# The birds are here ...



## Gr3iz

Spring has sprung, the grass is ris',
I wonder where the birdies is ...

This nest is right outside my office door, by the driveway.










Inside are 4 robin's egg blue eggs ...










Mama Robin is keeping a close eye on things ...










I haven't gotten close enough to count the live births, but I can see at least 3 hungry beaks open!


----------



## Cookiegal

Very nice Mark. They look like Easter eggs.


----------



## Gr3iz

Yeah, but it would take quite a few to fill the basket! ;-)


----------



## Cookiegal

I don't know if I ever told the story of the Robins I had once. They made a nest on my electricity meter box that's outside (the one with the counter that the company reads to bill you). It's right outside my front door. One night the mother got startled and flew off suddenly, upsetting the nest which landed face down on my gallery with one unhatched egg and three newborn babies (no feathers). I picked them up and put them back in the nest which I then secured in the same place with masking tape so it wouldn't fall again. All the time mother robin was watching me from the electrical wires. I thought she'd probably abandon them because I handled them but she did not. She returned to the nest and the one egg never hatched but the three babies grew and I watch them learn to fly. It was amazing to watch. I called the Mom Molly and the babies Huey, Louie and Dewey.


----------



## Gr3iz

And they had Aunt Cookie to thank for it! ;-)


----------



## Cookiegal

Gr3iz said:


> And they had Aunt Cookie to thank for it!


You bet!


----------



## valis

And thus robins learned about masking tape.


----------



## Cookiegal

valis said:


> And thus robins learned about masking tape.

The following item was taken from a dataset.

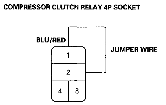 5. Connect the No.1 and No.2 terminals of the compressor clutch relay 4P socket with a jumper wire.

Yup. I didn't have any duct tape so it had to do.


----------



## Gr3iz

I've only seen two of the youngsters, but they seem to be fairly healthy. And always hungry!










And the parents tag-team each other bringing little delicacies to their offspring ...










And I seem to be the enemy! Whenever I'm out nosing around the nest, one or the other will dive bomb me! It will come swooping down at full speed and get within about 6-8 feet of me and veer off. Repeatedly! ;-)


----------



## Cookiegal

Nice photos Mark.


----------



## Gr3iz

Thank you!


----------



## Gr3iz

This is yesterday, 5/14, about 2.5 weeks old. They are too big to fit both of them in the nest at one time!



















And today:










My babies are gone! Flown the coop! As they say down south here, they done growed up and flied away ... ;-)


----------



## Gr3iz

Thanks! ;-)


----------



## Johnny b

Not a bird photo, but could have been.

There are a lot of Canadian geese in my local, but they've never come close to my house.
About 4 feet in front of my porch, in the grass, was this large ( apparent ) goose egg.
Big enough to fill a cupped hand, but covered in bird doo, so I picked it up with a paper towel.

Not pretty. Smelly, too.


----------



## RT

Over easy or scrambled?
Or you da baby's Daddy?


----------